To address this problem, the authors propose a fully distributed peer-topeer video streaming framework which automatically adapts the network towards full bandwidth utilization. 

In addition, since the composition of peers changes slowly and smoothly, the playback rate adaptation is carried out over a longer time scale. 

A salient feature of the link-level homogenous overlay is that video flows along the path of connected connections do not encounter any bottleneck links, and therefore, peers can achieve the guaranteed data rates. 

Since the length of the random walks is related to the cost and accuracy of peer selection, the Markovian plane should be constructed to minimize the cost of random walks with the guaranteed accuracy. 
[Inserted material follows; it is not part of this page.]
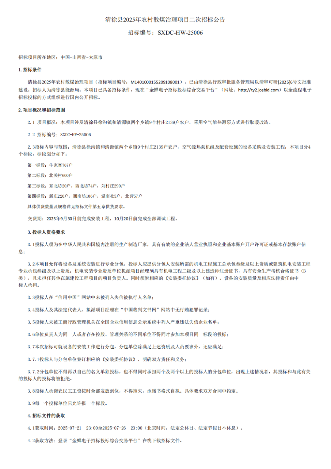 清徐县2025年农村散煤治理项目二次招标公告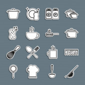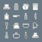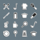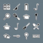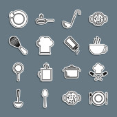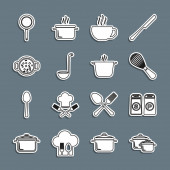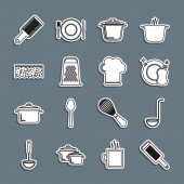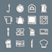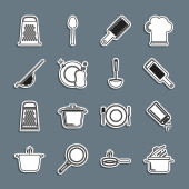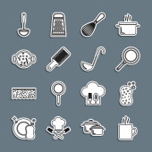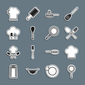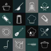 Ustaw linię Kuchnia trzepaczka Grater Sól i pieprz patelnia Gotowanie garnek Chef kapelusz i ikona krzyż widelec. Wektor.

To repair the graph, if the nodes’ degree is less than nmin, they rebuild a new link by randomly selecting a peer in the Markovian plane. 

the authors conclude that their proposed algorithm can effectively adapt to the dynamic changes of the composition of peers so as to fully utilize the varying available bandwidth resource towards the best video quality. 

The authors abstract the overlay network as a directed graph G = {V,E} where V denotes the peer set, including the source node, and E denotes the link set. 

the authors construct the Markovian plane to be an undirected graph with a self-loop connection at each node so that peers are possible to keep walkers without forwarding to others. 

The authors can see that the curve presents an impulse with a heavy tail, which means that in the formed overlay topology most participating peers have roughly identical capacity per out-degree value. 

the investigated node has a node index of 1,000 and performs the same behaviors as other peers with the exception that it has an infinitely large life time and never departs from the network. 

The downloading rate of each peer can becomputed by summing up all its parent nodes’ capacity per out-degree values due to the feature of link-level homogeneity. 

After the random walk process converges, the walker will stay at a node according to the steady-state probability of the Markov chain and therefore finishes the selection. 

In this state, the downloading rate of each peer i converges asdi = δ×m, ∀i ∈V (5)Using their link-level homogeneity overlay, the authors show that in the formed network, all the peers converge to the identicalbandwidth per out-degree. 

As the capacity per out-degree values of the newly joined peers converge, the downloading rate of these nodes will also converge. 

As the authors can see that with λ increasing the out-degree of the investigated node can adapt to the change of capacity much faster, and the simulation results match their analysis in Eqn (4).